Tim Totten on Nostr: A few days ago, I posted that the White House has stooped to a new low, trotting out ...

A few days ago, I posted that the White House has stooped to a new low, trotting out long-proven false narratives to justify their latest attack on #Bitcoin. I didn't sufficiently provide background or citations to what they are now proposing, or why it's such bad public policy. Some friends asked for more detail, and I apologize I haven't had time to respond adequately until now.

First, President Biden signed an Executive Order that, inter alia, required the White House Office of Science and Technology Policy (OSTP) to produce a report on the climate and energy implications of crypto assets. Because Bitcoin mining is far and away the largest component of energy usage in the "crypto asset" space, we all assumed (correctly, it turns out), that this would be the primary focus.
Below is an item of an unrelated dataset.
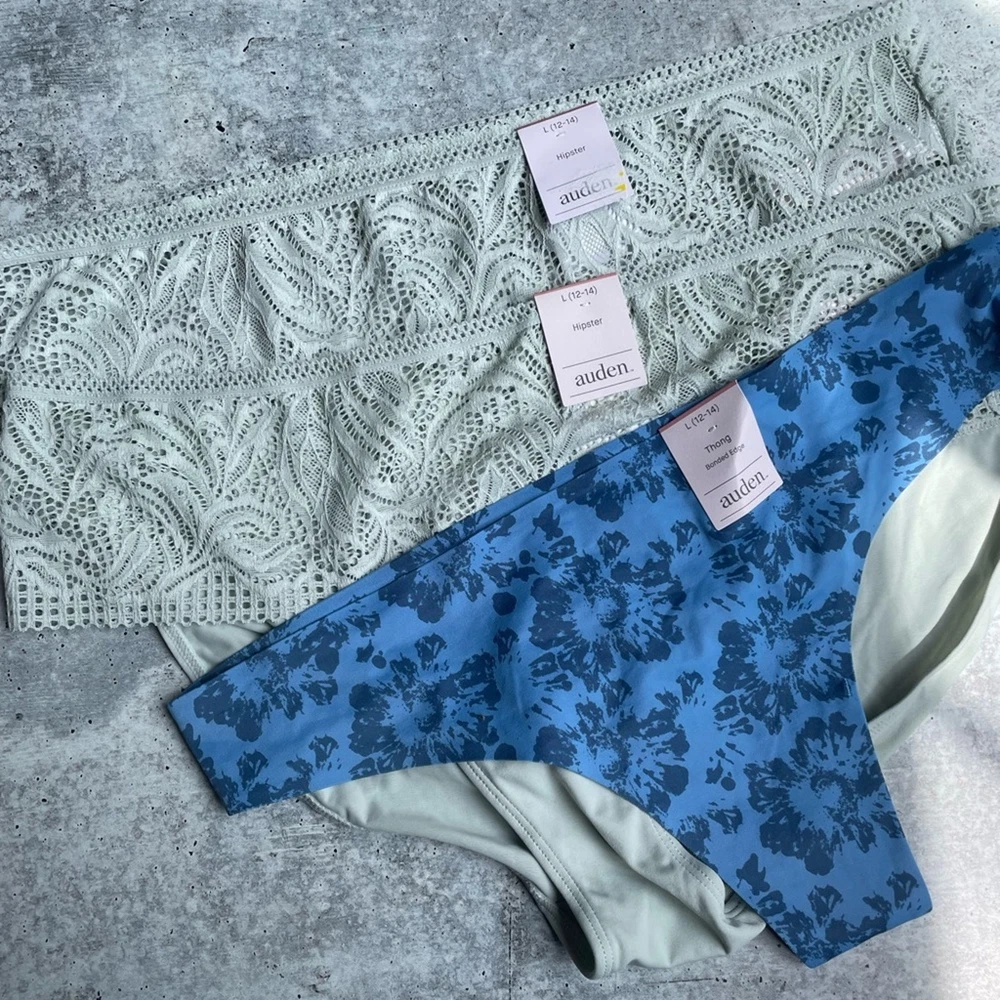 Brand New with Tags Excellent Condition color blue size L (12-14) 2 identical pairs are hipster 1 thong - bonded edge

So OSTP dutifully dug in and began uncovering all the available research on this topic. They met with lots of experts and "experts" covering every angle. This included quite a few experts who were able to document serious, even fatal, flaws in much of the research. Sadly they didn't do any actual work on their own (which is critically needed if we're going to maximize the effectiveness of public policy).

In any case, OSTP published their report here:

https://www.whitehouse.gov/wp-content/uploads/2022/09/09-2022-Crypto-Assets-and-Climate-Report.pdf

The report ended up being a ridiculously bad hit piece. It was very clear that OSTP had been told in advance what conclusions to come to, and in order to reach those false conclusions, they had to rely almost entirely on the results of previous non-academic, biased studies that have been completely debunked. The data are wrong. The narratives are complete nonsense. The "resesrch" completely fails to meet any minimal standard of academic rigor. And OSTP was shown this repeatedly. Yet they completely ignored all the real evidence, and based their conclusions entirely on the fatally flawed work that could be used to support the political narrative they were told to support.
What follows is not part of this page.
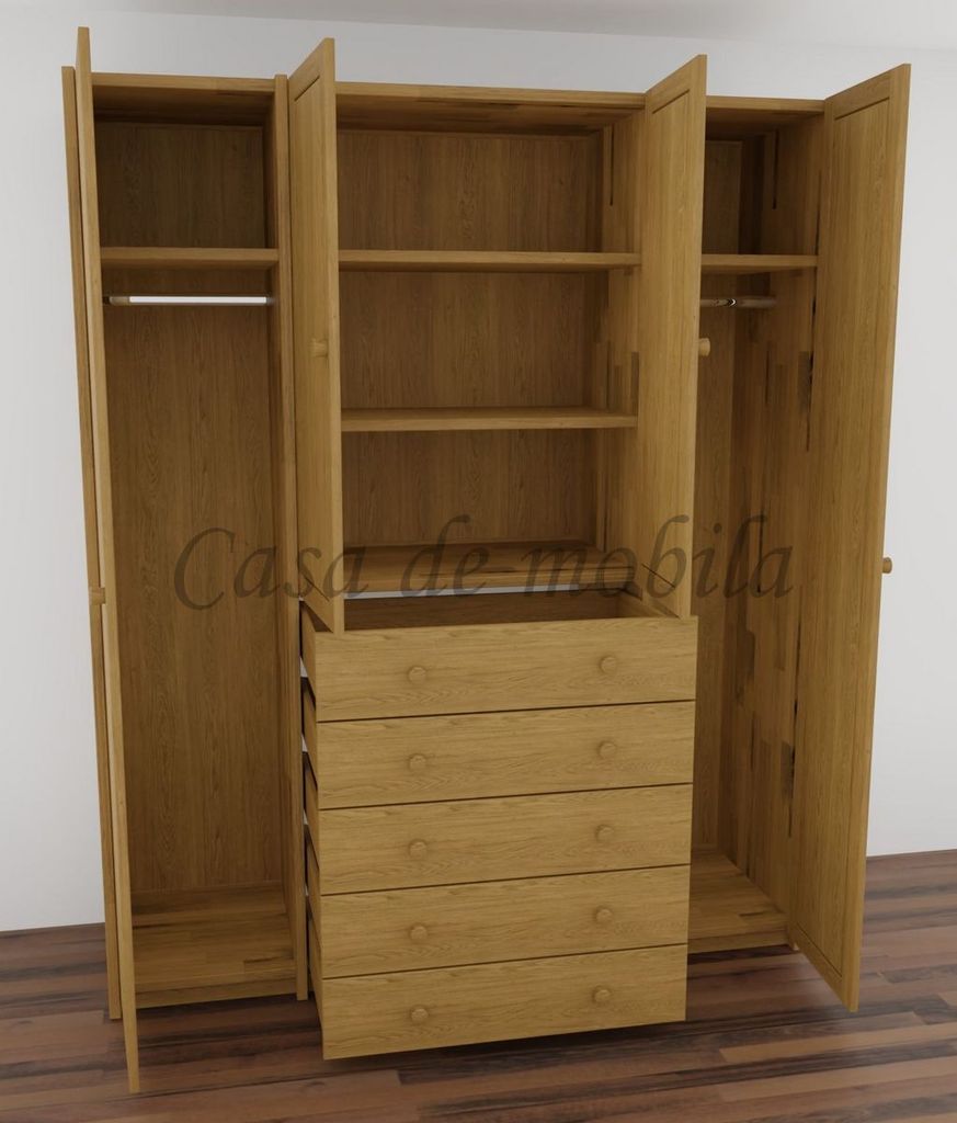 Dieser Kleiderschrank verfügt über fünf große Schubladen, zwei große Holztüren mit je einem Einlegeboden und einer Kleiderstange sowie über zwei kleine Holztüren mit zwei durchgehenden Einlegeböden.

And that political narrative is VERY bad for the United States. Not just a neutral thing, but outright damaging to the country. Nic Carter does a great job of explaining all this here, while completely destroying the OSTP report:

https://medium.com/@nic__carter/comments-on-the-white-house-report-on-the-climate-implications-of-crypto-mining-8d65d30ec942

Now cut to budget fight season, and the White House doubled down on all the false narratives and predictably announced their completely ridiculous new proposed "DAME tax" on Bitcoin mining:

https://www.whitehouse.gov/cea/written-materials/2023/05/02/cost-of-cryptomining-dame-tax/

[As a side note, how did no one get fired for that ridiculously bad name? I mean I thought that word had been canceled in English, and the meaning in both Spanish and Japanese is hilarious in this context.]

Anyway, this is what spurred my post last week. I wish I could attribute this proposed tax to ignorance. But the White House has repeatedly been shown the falsity of their narratives on this topic. In fact, the tax policy they propose will clearly achieve the EXACT OPPOSITE OF their stated objectives.

So I can only conclude they are intentionally peddling this false drivel only to justify a political object that is very different from the made-up objectives they are claiming publicly. They have made up a fake problem, then proposed a fake solution that apparently targets some different goal.

Here is a good rebuttal of the DAME tax that covers all this much better:

https://www.coindesk.com/consensus-magazine/2023/05/11/the-white-houses-bitcoin-mining-tax-undermines-itself/

At this point, I'll leave it for the reader to do his/her own further homework. Or don't. That's what the White House would prefer.